Black Hills Corp. (BKH)
Q1 2010 Earnings Call
May 06, 2010
Jason Ketchum - Director, IR
Dave Emery - Chairman and CEO
Tony Cleberg - EVP and CFO
Ella Vuernick - RBC Capital Market
Chris Ellinghaus - Shields & Company
Jack Moore - Harpswell Capital
Jeff Gildersleeve - Millennium Partners
Tim Winter - Gabelli & Company
James Heckler - Levin Capital Strategies
Vedula Murti - CDP US
Previous Statements by BKH
» Black Hills Corp. Q4 2009 Earnings Call Transcript
» Black Hills Corporation Q4 2008 Earnings Call Transcript
» Black Hills Corporation Q2 2008 Earnings Call Transcript
Good day ladies and gentlemen, and welcome to the Black Hills Corporation first quarter 2010 conference call. My name is Janeda and I will be your coordinator for today. At this time, all participants are in a listen-only mode. Following the prepared remarks there will be a question-and-answer session. (Operator Instructions) As a reminder, this conference is being recorded for replay purposes.

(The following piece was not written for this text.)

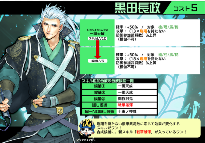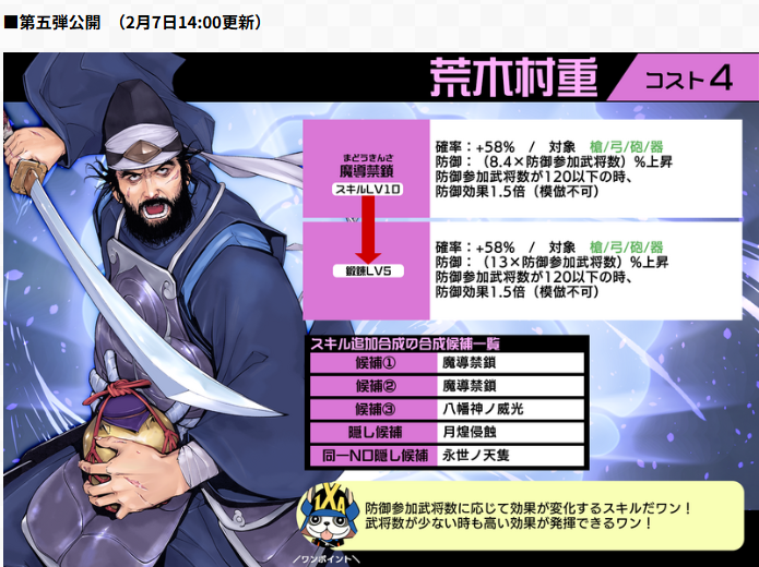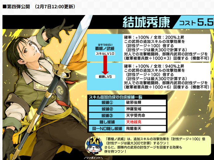 私も今回の新スキルを、間違えて弱いスキルを付けてしまった志々雄さんに付けたいのですが、この加藤さんの初期スキルでもいいかなあ~と思い始めています・・・付けやすそうだしw

I would now like to turn the presentation over to Mr. Jason Ketchum, Director of Investor Relations of Black Hills Corporation. Please proceed, sir.
Thank you, Operator. Good morning, everyone. Before I turn the call over to our Chairman and CEO, Dave Emery, I need to remind you that during the course of this call some of the comments we make may contain forward-looking statements as defined by the Securities and Exchange Commission and there are a number of uncertainties inherent in such comments. Although we believe that our expectations and beliefs are based on reasonable assumptions, actual results may differ materially.

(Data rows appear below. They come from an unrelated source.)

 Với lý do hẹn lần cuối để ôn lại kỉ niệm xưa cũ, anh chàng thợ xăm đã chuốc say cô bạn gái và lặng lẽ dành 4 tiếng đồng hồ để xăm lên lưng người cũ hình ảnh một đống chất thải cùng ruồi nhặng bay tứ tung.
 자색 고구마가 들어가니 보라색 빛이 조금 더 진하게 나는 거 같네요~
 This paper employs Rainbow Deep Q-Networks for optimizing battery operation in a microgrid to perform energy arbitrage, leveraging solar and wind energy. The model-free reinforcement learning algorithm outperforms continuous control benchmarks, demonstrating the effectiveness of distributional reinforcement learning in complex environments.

We direct you to our earnings release, Slide 2 of the investor presentation on our website, and our most recent Form 10-K and Form 10-Q filed with the Securities and Exchange Commission for a list of some of the factors that could cause future results to differ materially from our expectations.
I will now turn the call over to Dave Emery.
Thank you, Jason. Good morning, everyone. Thanks for joining my call today. I will be referring to the webcast presentation that was posted last night and so for those of you who have it, I’ll try mention slide numbers so you can follow along. And for those of you who don’t, I don’t think that will be a problem, the information is essentially contained in the press release for the most part.
Starting on Slide 5, we’re off to a really good start in the first quarter of 2010, basically a 23% improvement in income from continuing operations over the first quarter of 2009; $0.81 per share as opposed to $0.66. So, things are off to a good start in all of our companies essentially.
On the utility side, up several million dollars over the prior year, several things led to that. Gas utilities did very well, and we’re continuing to work on our efficiencies there. We also had colder than normal weather in some of our territories, which helped. On the electric side our off-system sales of excess electricity improved this year over last year despite continued lower natural gas prices, and that improvement was primarily driven by several other plant outages in the region which allowed us to have a little bit stronger local markets to sell our excess energy to.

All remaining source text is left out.